一股暴虐的氣息從兩人之間爆發,涅手中的冰劍被沉重的大刀一壓,翹起一彎弧度,眼看那冰劍就要折斷時,涅右手一震,冰劍如螺旋錐般繞過大刀,以迅雷不及掩耳之勢擊向楊言那握刀的小臂上。
“噌。”地一聲撕裂聲,濺起一抹鮮紅的雪花,楊言被涅冰劍所帶的劍勁震開十數米,整個下臂滴血不止,更爲神奇的是,楊言整個手臂開始蔓延開一層薄薄的冰霜,讓其感到整個血液似乎凝結了一般,一股氣滞激湧其胸口,忍不住吐出口血來。
楊言咯血的當時,仍然難以置信的盯着涅,手中所握的大刀不經意一抖,眼中帶着震驚,還有一絲茫然無措。

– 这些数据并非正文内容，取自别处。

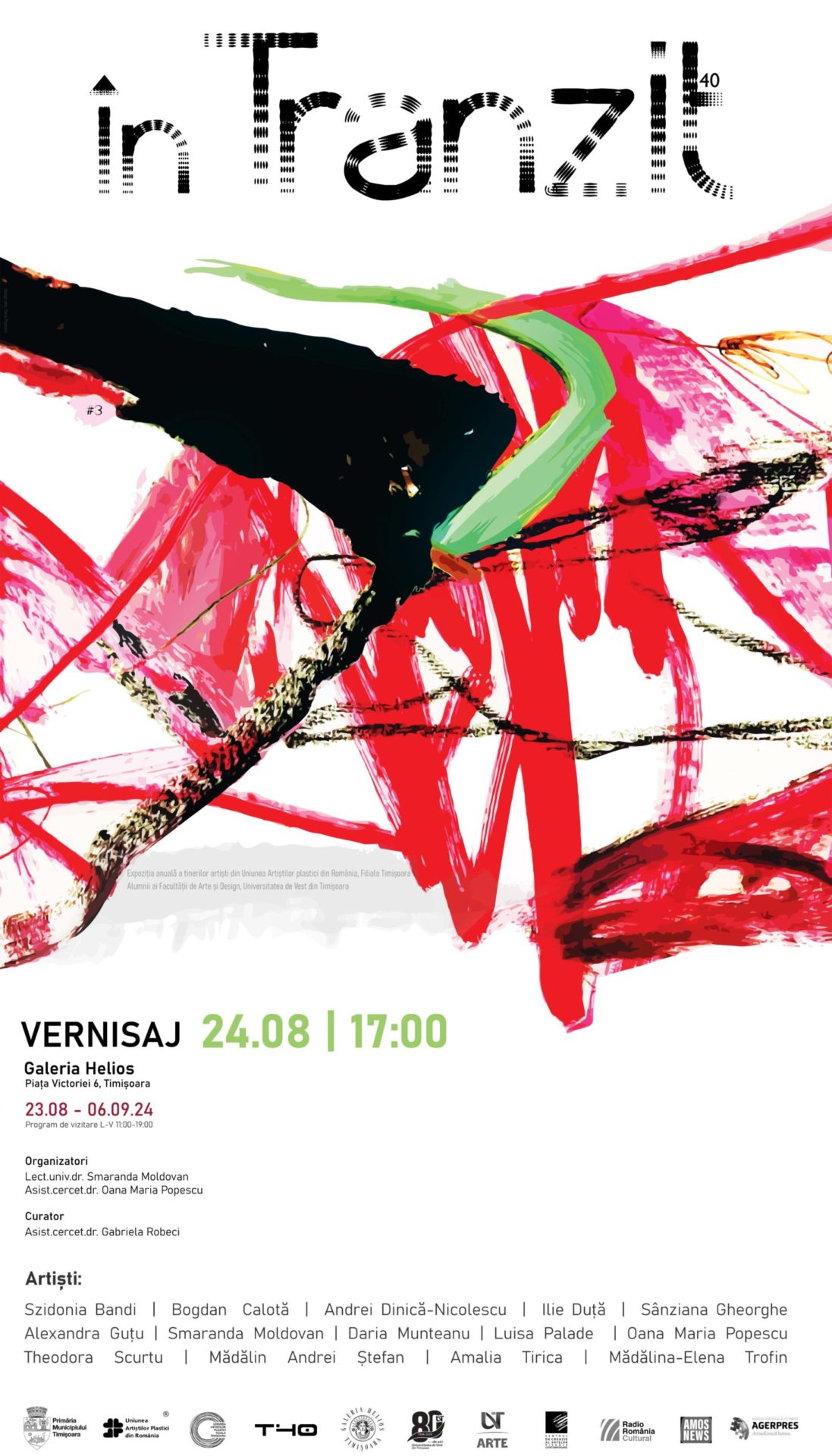 Expoziția În tranzit organizată de grupul de tineret din cadrul filialei Uniunii Artiștilor Plastici filiala Timișoara, T40, va avea vernisajul sâmbată, 24 august 2024, începând cu ora 17.00, la Galeria de Artă Helios din Timișoara. UAP Filiala Timișoara continuă, astfel, seria sa de expuneri ale artiștilor emergenți, cu sprijinul doamnei președinte UAPT prof. univ. dr. Daniela Constantin.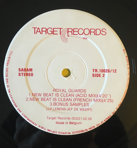 Side 2 label lists 2 mixes of ‘New Beat Is Clean’ plus ‘Bonus Samples’ but the vinyl only features 1 track.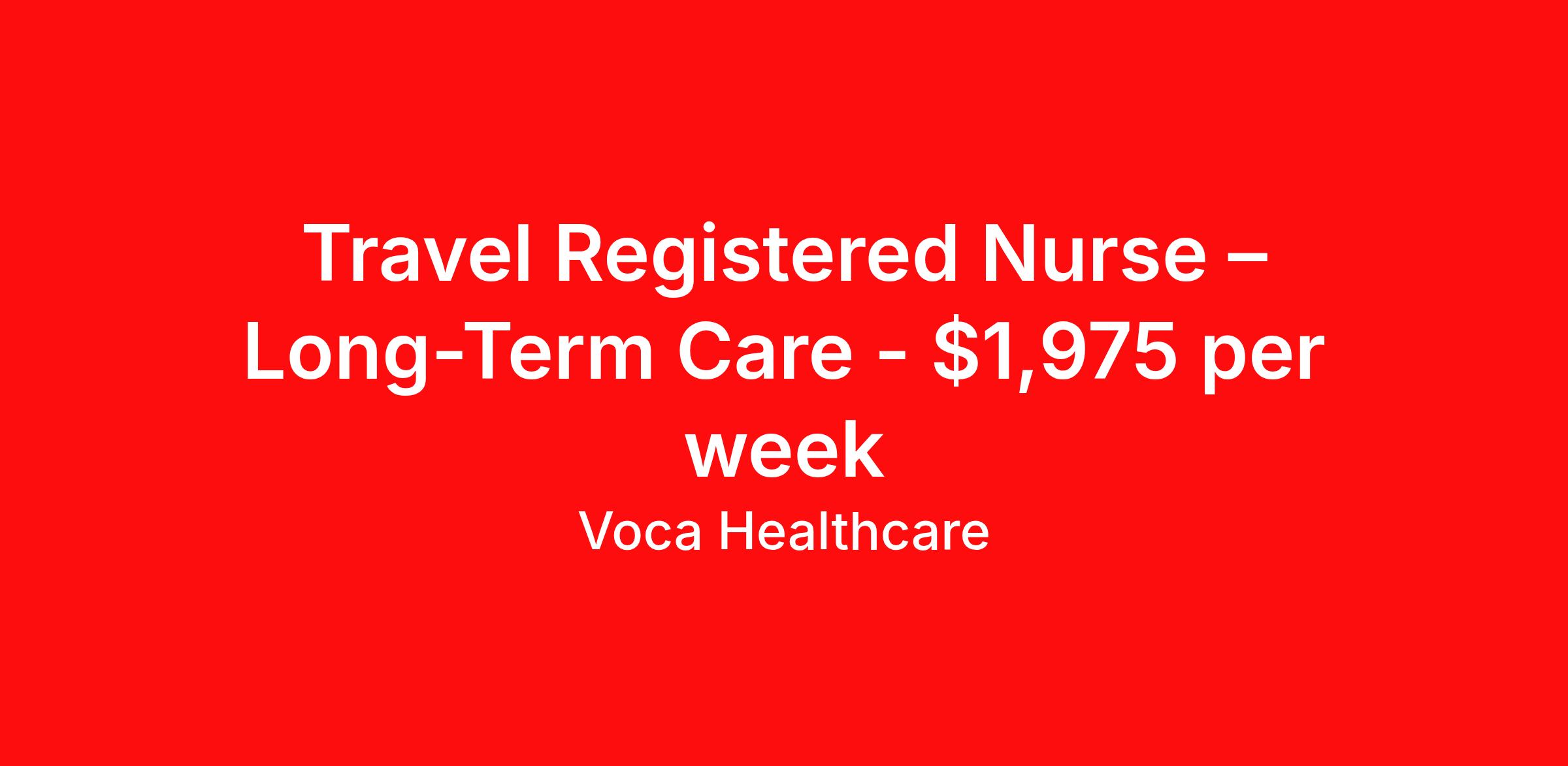 Voca Healthcare is seeking a travel nurse RN Long Term Care (LTC) Long Term Care for a travel nursing job in Williston, North Dakota. Job Description & Requirements Specialty: Long Term Care Discipline: RN Start Date: 04/07/2026 Duration: 14 weeks 36 hours per week Shift: 12 hours, days Employment Type: Travel Benefits available on 1st of the month after start: Holiday pay Weekly pay Retention bonus 401k retirement plan Medical benefits Dental benefits Vision benefits Referral bonus Are you an experienced Long Term Care RN looking for your next exciting travel assignment, or are you ready to start your travel healthcare career? At Voca, we offer an unmatched experience for healthcare professionals with a travel-first culture that prioritizes your needs and supports your career growth. We understand that every traveler is unique, which is why we provide personalized support from our experienced team of recruiters who are dedicated to matching you with the right assignments. Join Voca today, where you will enjoy a rewarding career and a full suite of benefits designed to ensure your success and well-being. As a Long Term Care RN with Voca, you’ll have the opportunity to work in dynamic healthcare settings, gaining valuable experience while receiving competitive compensation and support every step of the way. Qualifications: Minimum of 2 years of recent experience as a Long Term Care RN preferred, but we are open to exceptional candidates with a strong passion. Valid certification and/or licensure in the state of practice, if applicable. Demonstrated ability to maintain a high level of professionalism and composure, especially during stressful and fast-paced moments in the healthcare setting. Valid Driver’s License and the ability to travel between assignment locations. Ability to pass a background check and drug screen to meet healthcare industry standards. Why Choose Voca? Comprehensive Benefits Package: We offer Health, Dental, and Vision Insurance to ensure that you and your loved ones are well taken care of. Life and Disability Insurance for added peace of mind. 401(k) options to help you save for your future with employer matching. Certification and Licensure Reimbursement to support your professional development. Generous Referral Bonus Program – earn rewards for referring your qualified peers to join the Voca team. Weekly Direct Deposit ensures timely access to your earnings. At Voca, You Are Our Priority: Travel-First Culture: We understand that travel assignments offer unique challenges, so we ensure a flexible and supportive work environment that focuses on your success. Personalized Support: Work with a dedicated recruiter who will be your advocate throughout your journey, helping you navigate each assignment and providing personalized guidance to ensure your goals are met. Strong Relationships: Voca’s culture fosters long-term relationships with our travelers. We care about your career, your needs, and your future.- Whether you're a seasoned Long Term Care RN or ready to take the next step in your travel healthcare career, Voca is the perfect place for you to grow, learn, and thrive. Apply today to connect with one of our talented recruiters and begin your next adventure! Voca Healthcare Job ID 17988712. Pay package is based on 12 hour shifts and 36.0 hours per week (subject to confirmation) with tax-free stipend amount to be determined. Posted job title: RN:LTC,07:00:00-19:00:00 About Voca Healthcare As a Voca Traveler, you will gain new clinical skills, visit amazing places and meet awesome healthcare professionals. As a travel health professional, your experience and dedication to patient care is in high demand throughout the United States. Whether you are a veteran traveler looking for your next opportunity, or you are looking to travel for the first time, Voca is here to support you. Voca’s experienced and dedicated travel team works in concert with you every step of the way. Our long-standing partnerships with some of the most respected and recognized healthcare organizations in the country allow us to identify career opportunities to help you increase your knowledge and experience while working with some of the best physicians and healthcare professionals in the world. At Voca, we strongly believe a better career results in a happier you. We are here to help you find a position that is professionally and personally rewarding. Benefits Holiday Pay 401k retirement plan Medical benefits Dental benefits Vision benefits Guaranteed Hours

“怎麽可能,你會劍術?”此時的楊言怎能不震驚,因爲涅不僅是會劍術那麽簡單,從其一鈎,一劃,一點,一提之間,都表明此人的劍術更勝自己的刀術。
要知道此刻的楊言可是使用了秘法的,其本身具備利境四階的實力在提升之後,實力直上五階巅峰,甚至可以比拟雷天化身雷公時的實力。可是要注意的是,刀術主攻殺,在修行的第一階段,也就是玄境階段,器修者修得其實就是兵器。在同等階内,因爲器修者的兵器加成作用,那攻擊更加猛,動作更加靈巧,殺傷力也更加明顯。
雖然雷之屬性也是攻擊之首,可是雷天的力量來得不妥,每使用一招,其氣息就削弱一絲,根本就不能長久戰鬥。可是楊言卻不同,刀不僅要懂得使用力勁,也要會蓄勢,以勢壓人,借勢殺敵。
但明顯,楊言的勢直接被涅使出的神妙劍術給破解了,不僅勢已破,連氣都衰竭了。
此刻點将台上的人已經處于木讷狀态了,因爲衆人已經被涅那層出不窮的東西驚愣了,或許可以說,每個人的神經已經能開始習慣涅那每時每刻爆發出來的驚豔了。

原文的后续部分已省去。